** Exercise goal **
From the entries below, reproduce exactly the lines from the one with "Lahat Halosumsel- Senin" through the one with "ekopark, branddynamikens ekopark", both included, without images.

** Study material **

===

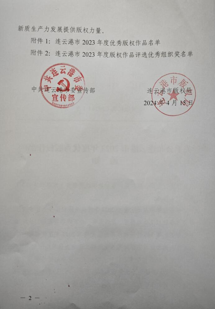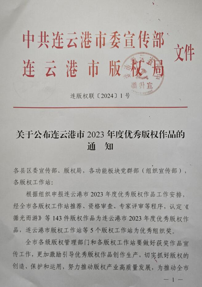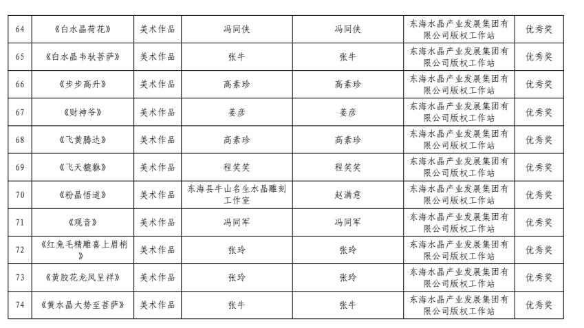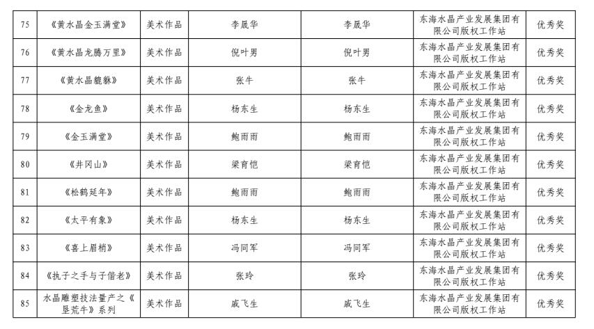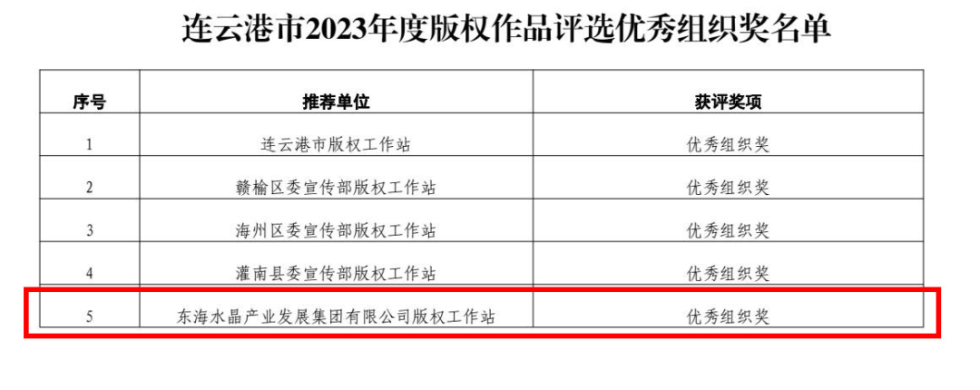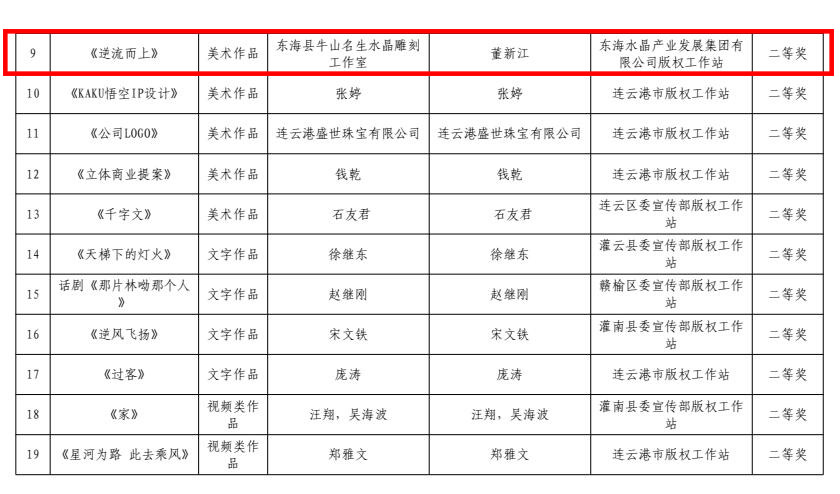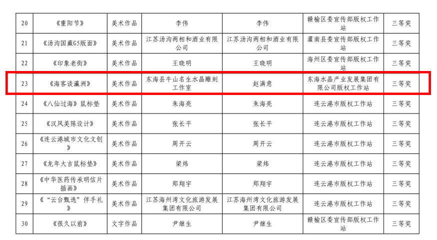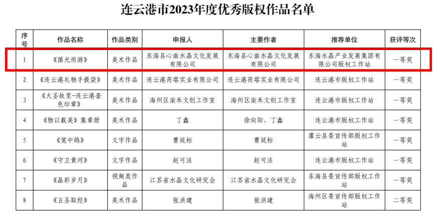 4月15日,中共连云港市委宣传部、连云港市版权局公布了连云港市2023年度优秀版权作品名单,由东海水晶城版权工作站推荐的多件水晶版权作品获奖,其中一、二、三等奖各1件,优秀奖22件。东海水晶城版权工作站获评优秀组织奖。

===

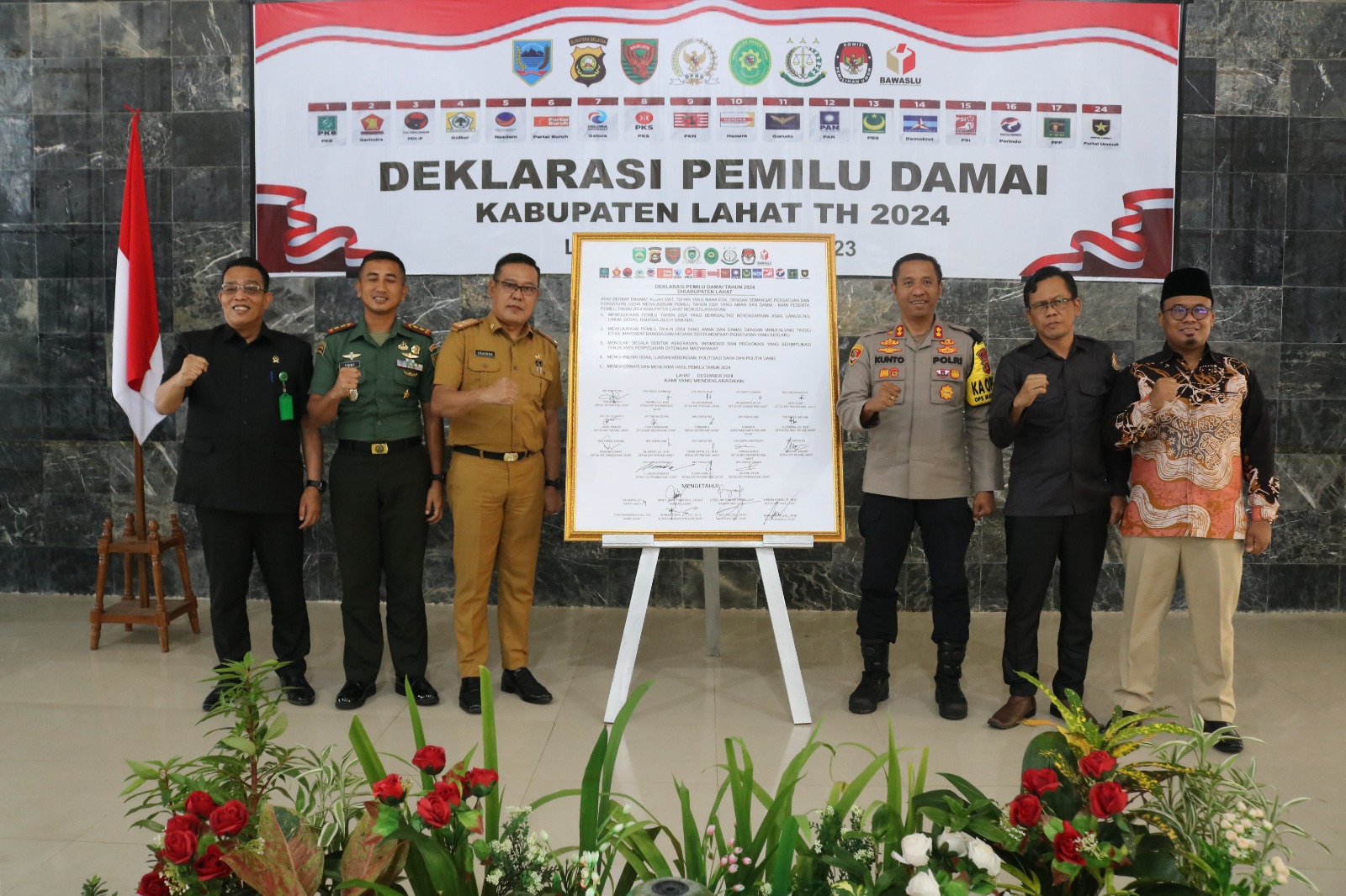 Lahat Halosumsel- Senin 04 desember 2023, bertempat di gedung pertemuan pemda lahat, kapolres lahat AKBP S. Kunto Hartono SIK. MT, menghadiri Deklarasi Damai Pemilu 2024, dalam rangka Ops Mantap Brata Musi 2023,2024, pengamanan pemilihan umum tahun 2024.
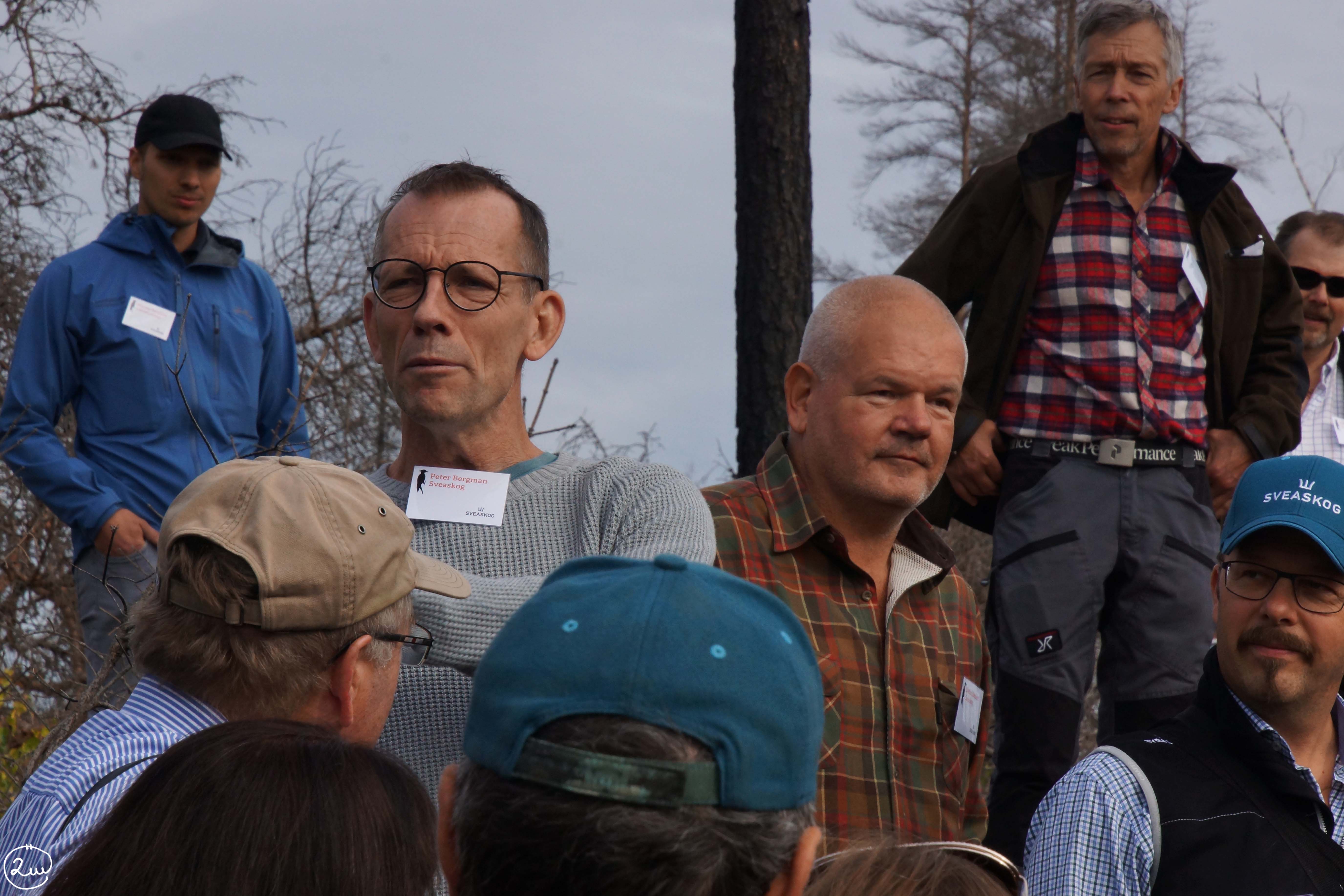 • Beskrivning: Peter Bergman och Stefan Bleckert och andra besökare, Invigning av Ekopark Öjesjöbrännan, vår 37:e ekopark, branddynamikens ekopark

===

** Finished task **
 Lahat Halosumsel- Senin 04 desember 2023, bertempat di gedung pertemuan pemda lahat, kapolres lahat AKBP S. Kunto Hartono SIK. MT, menghadiri Deklarasi Damai Pemilu 2024, dalam rangka Ops Mantap Brata Musi 2023,2024, pengamanan pemilihan umum tahun 2024.
 • Beskrivning: Peter Bergman och Stefan Bleckert och andra besökare, Invigning av Ekopark Öjesjöbrännan, vår 37:e ekopark, branddynamikens ekopark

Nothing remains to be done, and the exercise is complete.